Introduction
In this article I will talk about the state in today's Russian notebook market. We will carry out all analytics with the help of python code. I think it will be useful both to those who are looking for a laptop, and those who want to practice writing in python.
Let's start
')
![diy-03-425 [1] diy-03-425[1]](https://habrastorage.org/getpro/habr/post_images/fc2/f39/bf4/fc2f39bf4d47ef799715d2d7073b2fef.jpg)
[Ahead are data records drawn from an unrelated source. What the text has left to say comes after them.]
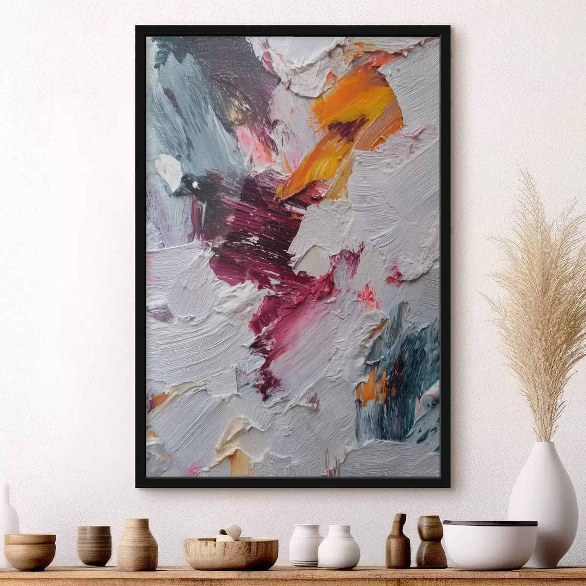 Poster Abstrakte Komposition mit intensiven Pinselstrichen in Kirsch- und Orangetönen im Stil der Ölmalerei Nr f46959
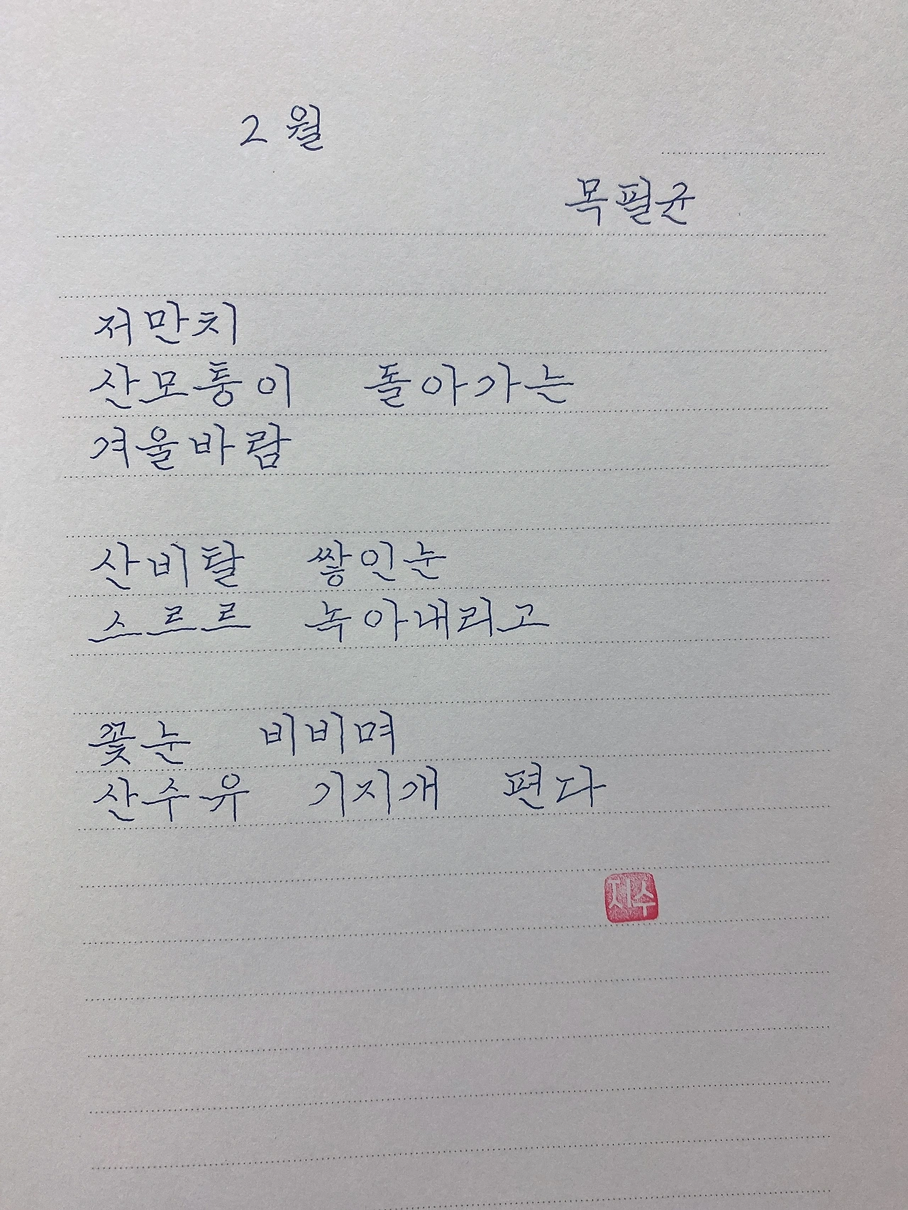 평범한 직장인. 사내 동호회를 통해 매일 한편 손으로 시 읽기를 시작한 이후로, 매일 시 한편을 필사 합니다. 필사한 시가 저작권에 문제가 된다면 말씀해주세요.
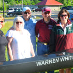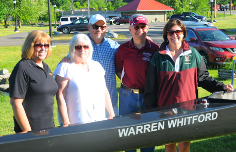 - Family and friends of the late Warren Whitford pose with the boat dedicated in his memory at the Chautauqua Lake Rowing Association season-ending picnic last week. From the left are Karen Whitford, Jackie Thies, Mike Brunner, CLRA high school program coordinator and coach Jim Odrzywolski and Sue Whitford Brunner. P-J photo by Scott Kindberg
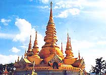 孟连大金塔位于普洱市孟连县的南垒河畔,由8个小塔环抱一个主塔构成,主塔高31.68米,每座塔均挂有风铃,每当风吹过,风铃便发出轻脆的叮当声,让人感受到别样的的佛国意韵。
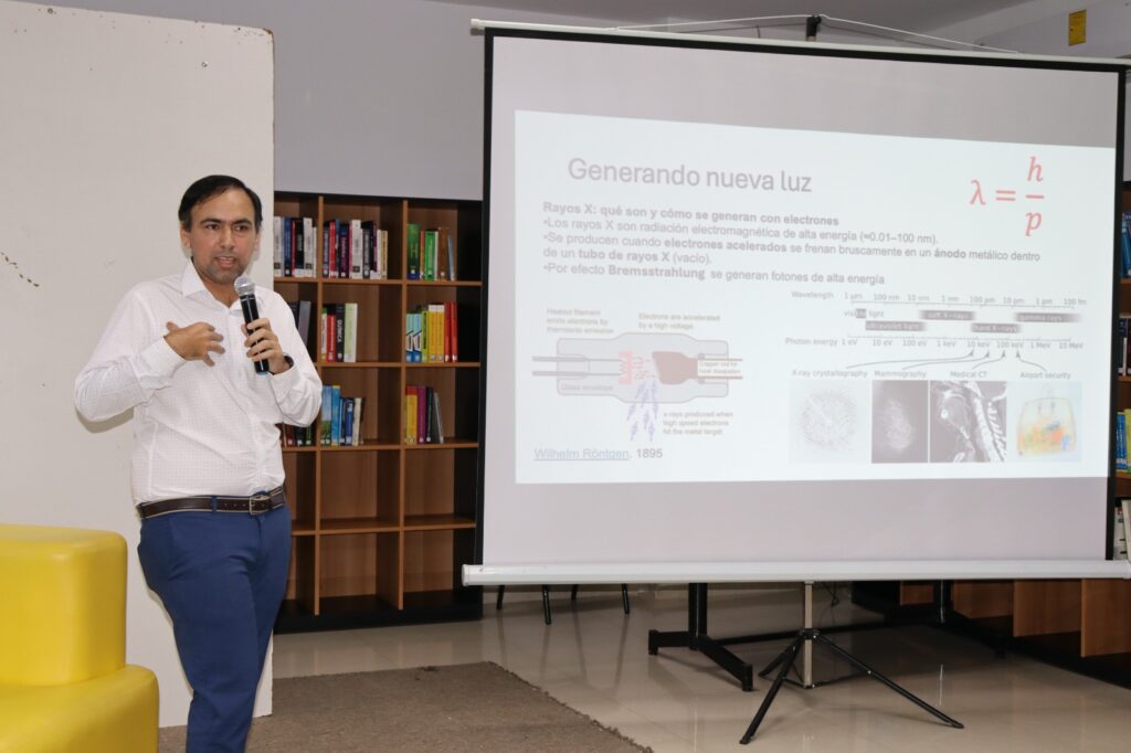 La charla versó sobre los grandes descubrimientos y avances en la tecnología médica, de las telecomunicaciones y en la solución de problemas de la vida cotidiana en el mundo, entre otros que la aceleración de partículas ha logrado en la historia reciente, como el internet, la telefonía móvil y las energías renovables.

For the analysis, we need a data set, unfortunately I could not find
web services at the Russian online laptop stores, so I had to download the price list of one of them (I will not call it) and pull prices and basic parameters from it ( in my opinion, such are: processor frequency, monitor diagonal, RAM size, hard disk size and memory size on a video card). Next, I conducted some analysis on the following issues:
- The average cost of a laptop
- Iron Average Parameters on Laptops
- The most expensive / cheap laptop configuration
- Which configuration option has the most effect on its price?
- Predicting the price of the specified configuration
- Schedule of distribution of configurations and prices
Lead code
The price list, which I managed to get, I saved in CSV format, to work with it you need to connect the csv module:
import csvimport reimport randomAlso we will connect the module for work with random numbers and regular expressions, which we will need later.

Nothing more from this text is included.